> Brief
Write out the lines below exactly, beginning at the one with "- In the Xsheet" and stopping after the one with "常溫下澆注成型的硅溶膠結合該"; the pictures are not copied.

> Records for the task
++++++++++

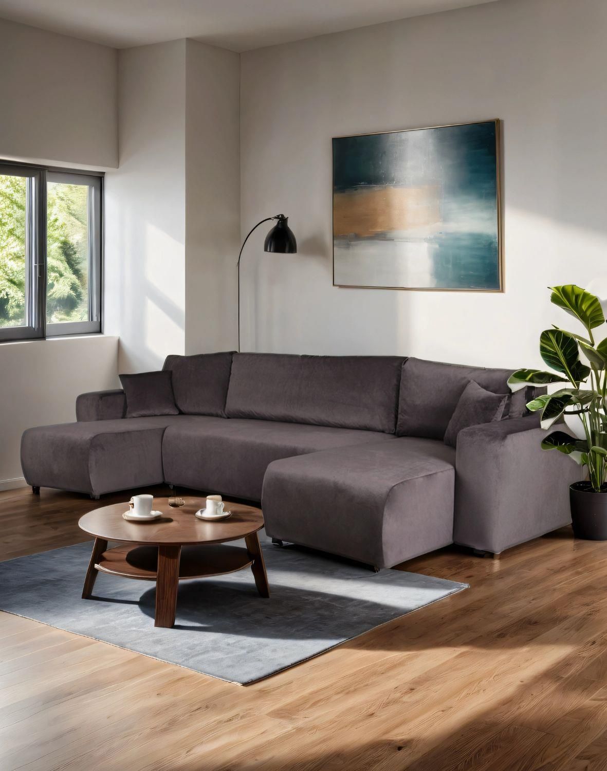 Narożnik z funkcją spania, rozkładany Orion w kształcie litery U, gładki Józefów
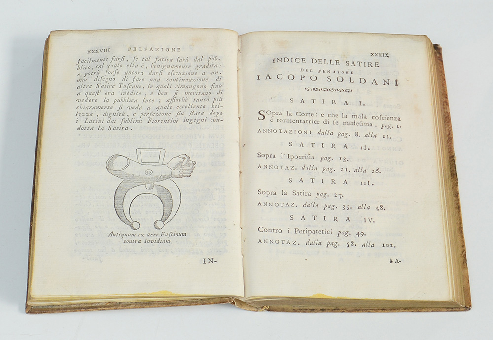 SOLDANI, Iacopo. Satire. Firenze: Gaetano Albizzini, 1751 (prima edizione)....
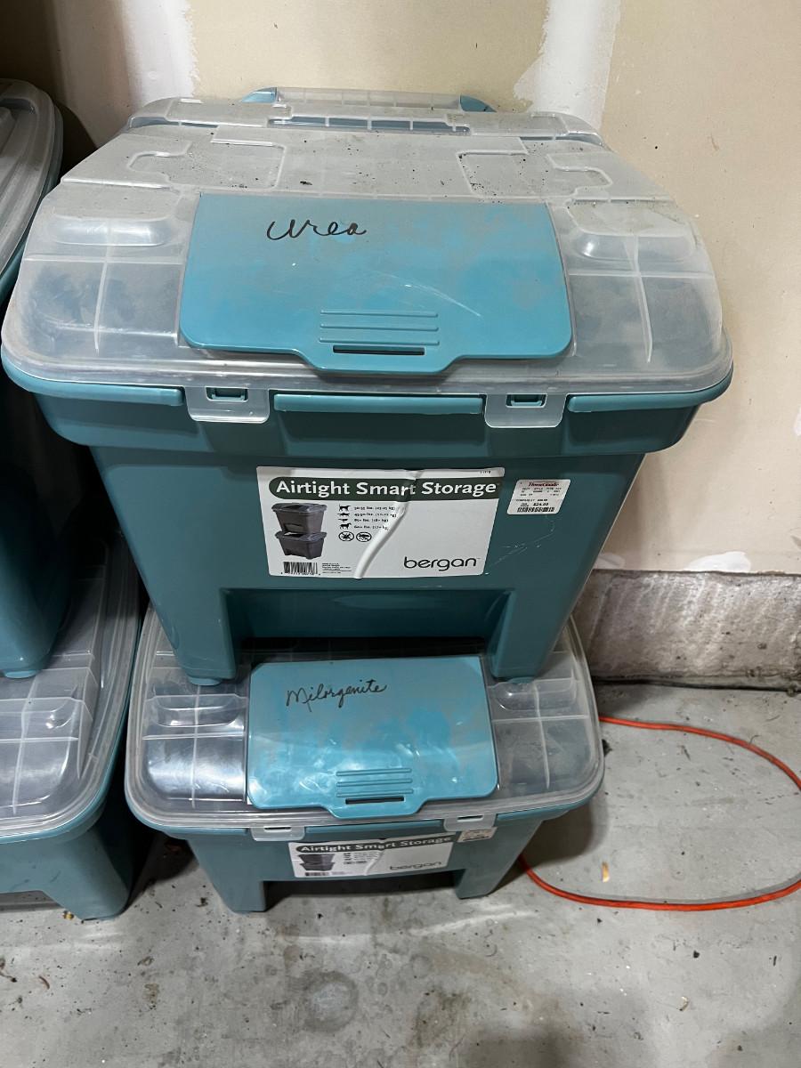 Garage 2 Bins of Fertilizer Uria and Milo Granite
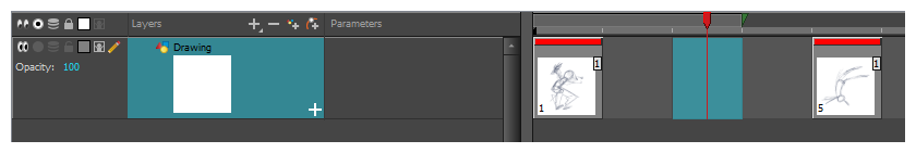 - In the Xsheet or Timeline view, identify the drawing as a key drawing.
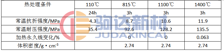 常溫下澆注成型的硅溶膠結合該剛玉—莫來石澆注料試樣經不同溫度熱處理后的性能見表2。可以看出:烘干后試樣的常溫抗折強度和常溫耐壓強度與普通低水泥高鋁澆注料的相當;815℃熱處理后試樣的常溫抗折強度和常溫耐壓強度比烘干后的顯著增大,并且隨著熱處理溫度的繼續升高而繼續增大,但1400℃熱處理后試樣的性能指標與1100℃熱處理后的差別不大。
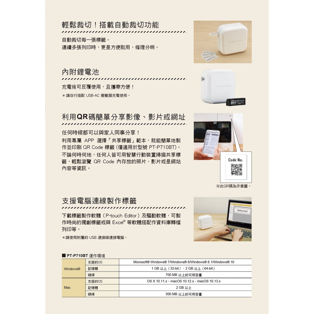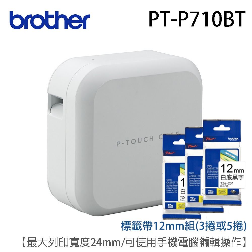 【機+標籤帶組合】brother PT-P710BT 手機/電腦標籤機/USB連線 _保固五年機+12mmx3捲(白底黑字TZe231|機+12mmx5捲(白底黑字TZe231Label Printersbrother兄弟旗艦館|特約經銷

++++++++++

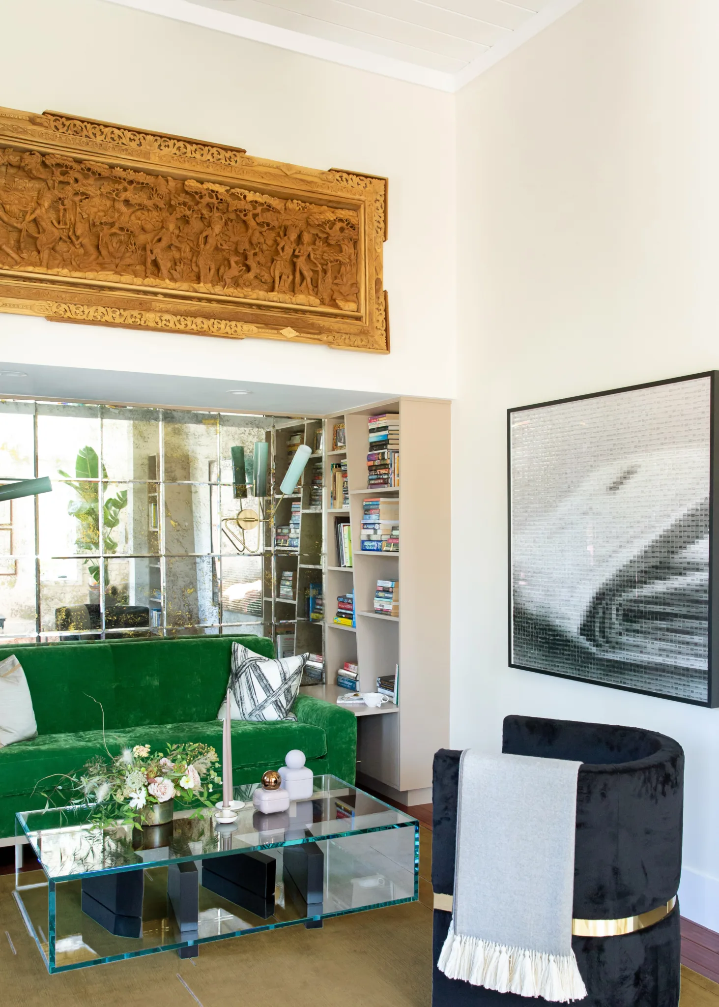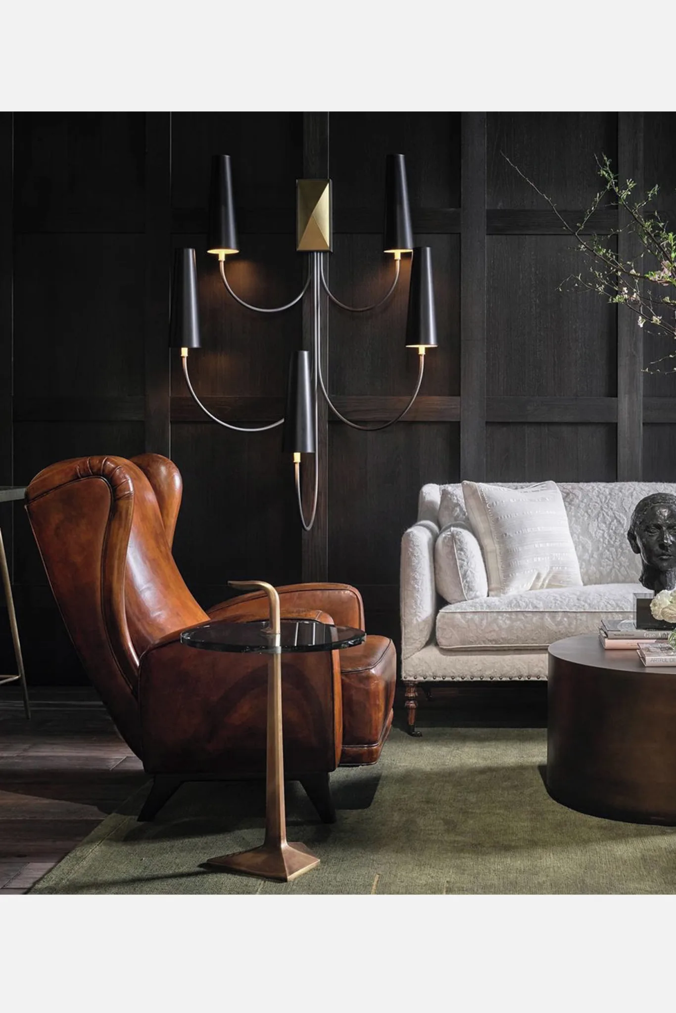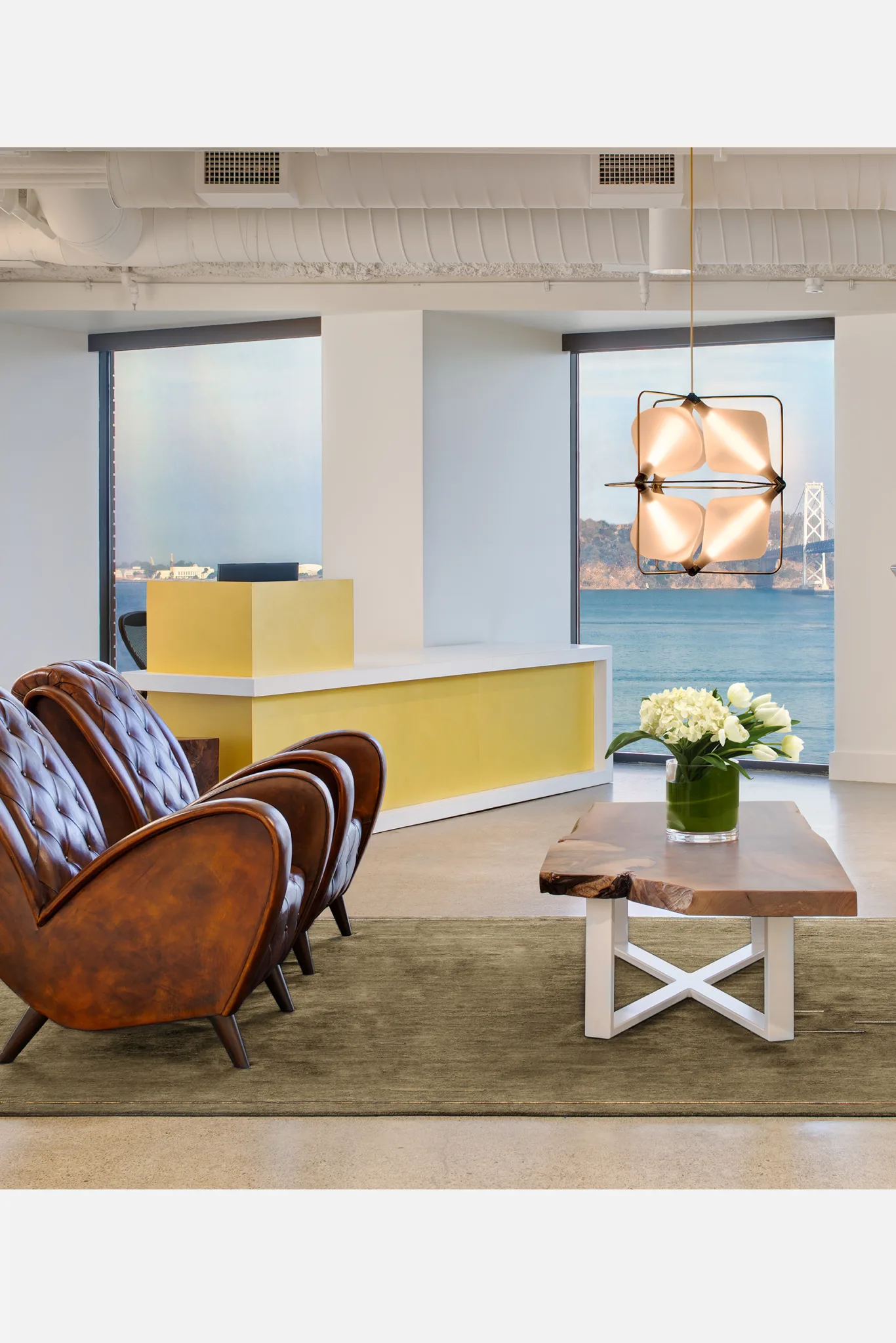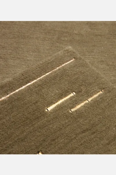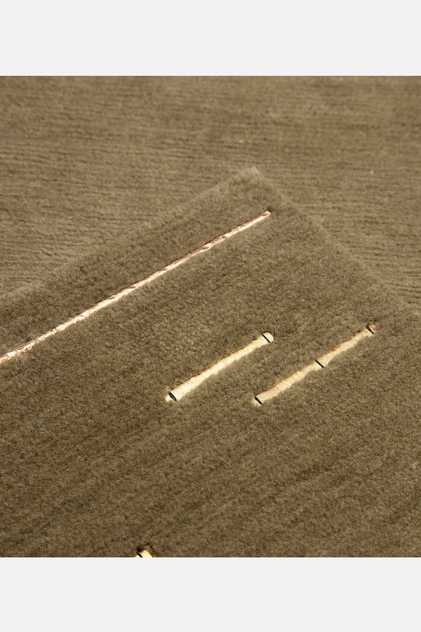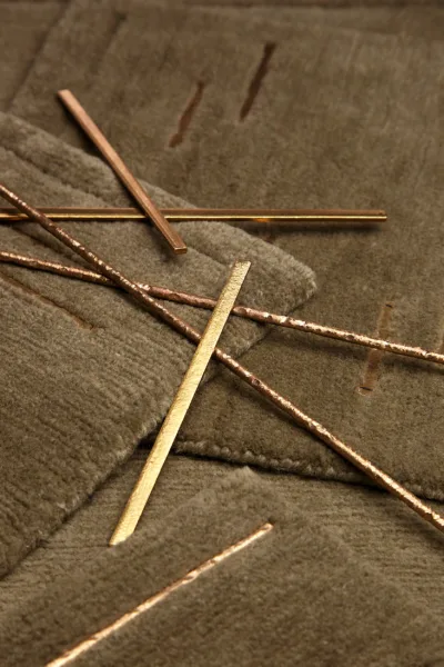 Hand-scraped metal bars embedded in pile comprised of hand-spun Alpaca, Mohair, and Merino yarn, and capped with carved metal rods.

++++++++++

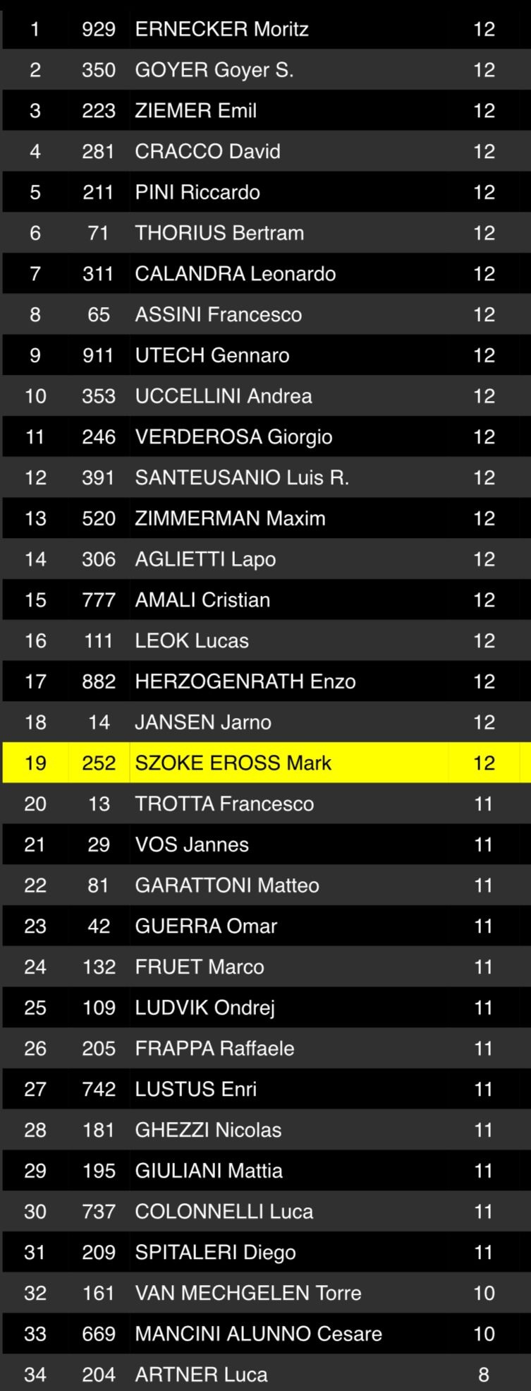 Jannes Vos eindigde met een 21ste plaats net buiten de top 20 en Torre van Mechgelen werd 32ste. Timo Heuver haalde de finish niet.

++++++++++

> Exercise solution
 - In the Xsheet or Timeline view, identify the drawing as a key drawing.
 常溫下澆注成型的硅溶膠結合該剛玉—莫來石澆注料試樣經不同溫度熱處理后的性能見表2。可以看出:烘干后試樣的常溫抗折強度和常溫耐壓強度與普通低水泥高鋁澆注料的相當;815℃熱處理后試樣的常溫抗折強度和常溫耐壓強度比烘干后的顯著增大,并且隨著熱處理溫度的繼續升高而繼續增大,但1400℃熱處理后試樣的性能指標與1100℃熱處理后的差別不大。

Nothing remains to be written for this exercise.